Can you say, when exactly this snapshot was taken?
At least, was this snapshot was taken at one time for all lectures?

Thank you.
Re: views column

Postby ninoaf2 » Fri Jun 03, 2011 10:05 am

Dear Contestant,

We were hoping somebody will ask this kind of question :)
Snapshot time or the moment when the lecture (co)viewing frequencies were taken (for all lectures!)
was (July 2010).
1.7.2009 was taken in order to have reasonable training/test split for the task 1. Note however,
that training/test split is both "vertical" (all test lectures are published after the 1.7.2009. !) and
"horizontal" (approximately half of the lectures published after 1.7.2009. are in the training set!).
By this split we wanted to provide samples in the training set that can be used to learn
the temporal impact on lecture (co)viewing frequencies.

Best regards,
Re: views column

Postby haibin » Mon Jun 13, 2011 9:26 pm

Regarding this view column, I found something not so consistent.
In lectures_train.csv, lecture 13245 has aggregated views of 2, while in pairs it has the following entries:

That means the co-viewed frequency is apparently larger than the aggregated total views.
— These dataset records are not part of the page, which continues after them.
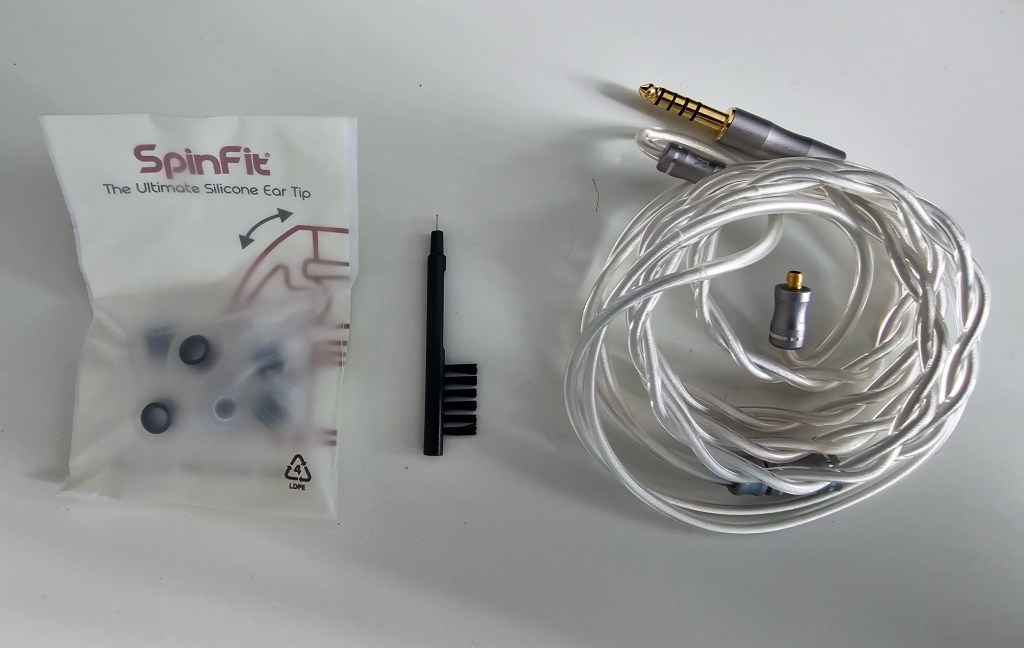 The cable itself is a thick silver looking cable with Elysian branding on the y-split. It is a 2-wire cable with a relatively thick gauge, and looks visually impressive, matching the colour of the IEMs and the case. The wire uses preformed heat shrink tubing on each earpiece as an ear guide – it’s soft and supple, but makes sure the cable drapes nicely over the ears in use. While I only have one other Pentaconn IEM cable to swap with, I probably wouldn’t think about cable rolling anyway, as the stock cable definitely looks “good enough” for the Pilgrim both in terms of looks and build.
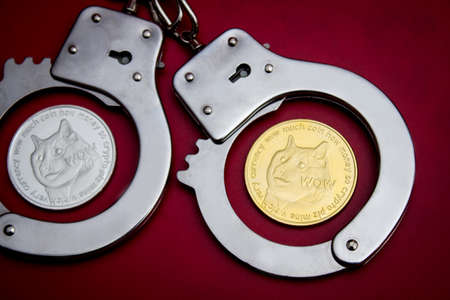 Dogecoins and handcuffs over red background
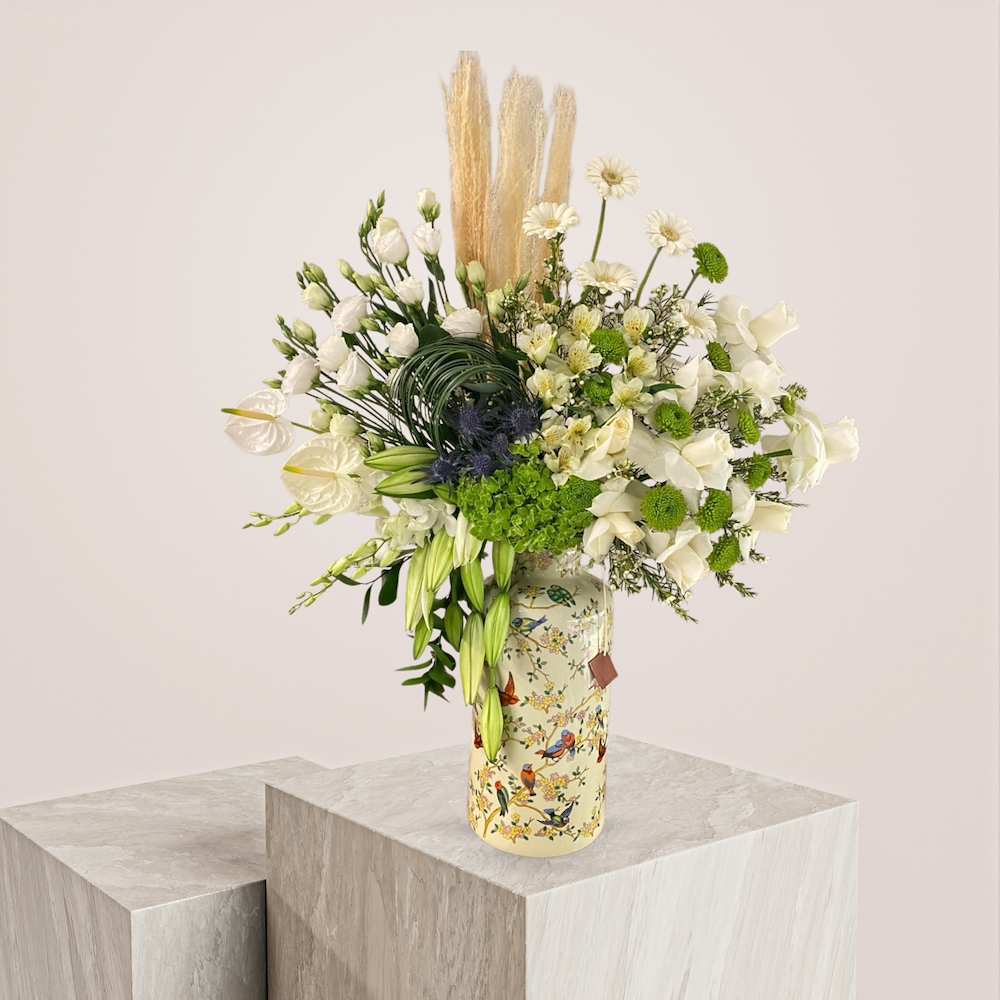 فازة مليئة بالجوري، الليليز، الالستروميريا، الجيربيرا، الاوركيد والكريز.
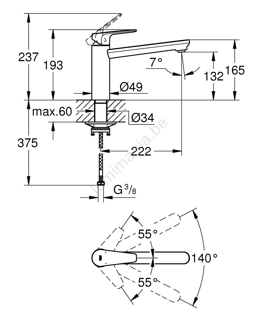 • Bec tubulaire pivotant avec un angle de rotation de 140° pour une plus grande flexibilité.
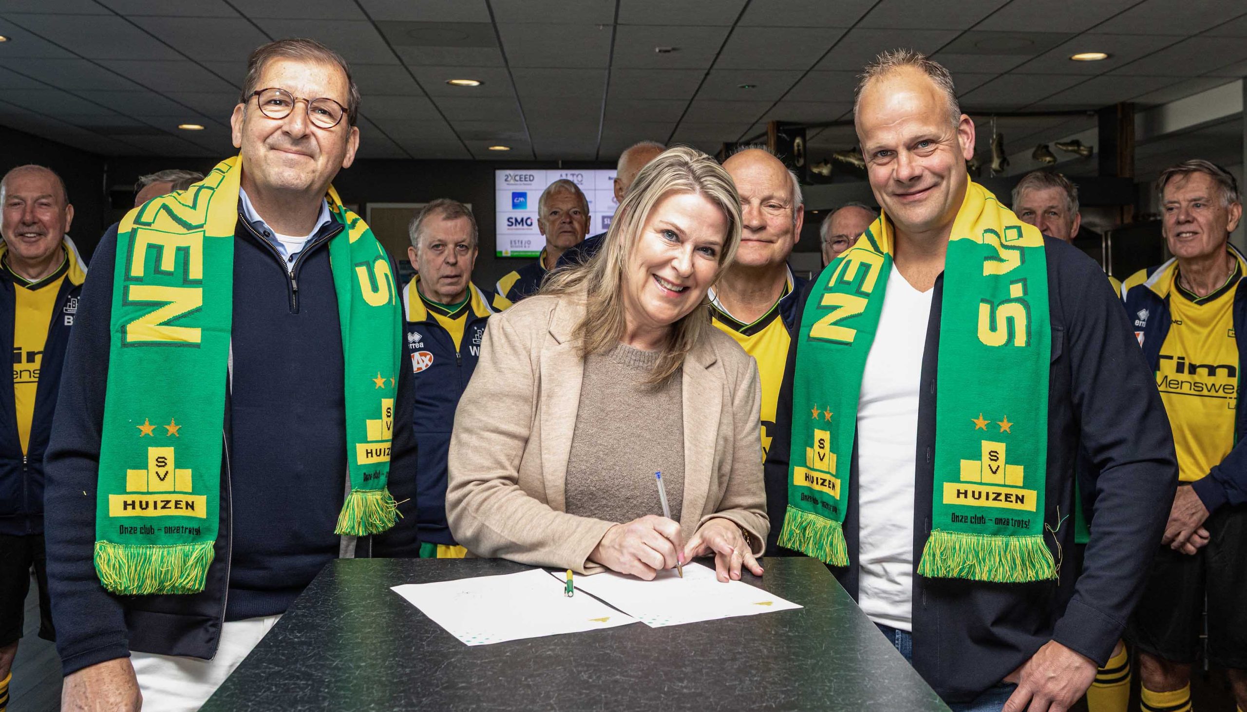 Voorafgaand aan de wedstrijden vond een ceremonieel sponsormoment plaats in de businessruimte van s.v. Huizen. Tim van Tim Men’s Wear uit Laren en zilversponsor Nico Klein, samen met zijn zoon Mark Klein van Nico en Alie Klein Vleeswarenspecialist uit Huizen, ondertekenden het sponsorcontract in aanwezigheid van Brenda Schipper, namens de secretaris van s.v. Huizen. Daarna werden de nieuwe shirts officieel overhandigd aan de spelers — die er stralend mee op de foto gingen.

Is it because these two snapshots were not taken at the same time?

Re: views column

Postby ninoaf2 » Tue Jun 14, 2011 4:27 pm

Dear contestant,

You are correct: in ideal circumstances, that "3" should not be there provided that the aggregated number of views is only 2. We were acquiring the data from the database "table by table". We acquired the lectures data first and the click-streams in the end. In the meantime, the site was "live". Even though the time between the acquisitions was only a few minutes, we believe that this resulted in one or more anomalies of the kind that you report. Even though such anomalies should be quite harmless wrt solving the challenge task, the contestants should be aware of this and either ignore it or make simple corrections if consistency is required.

Best regards,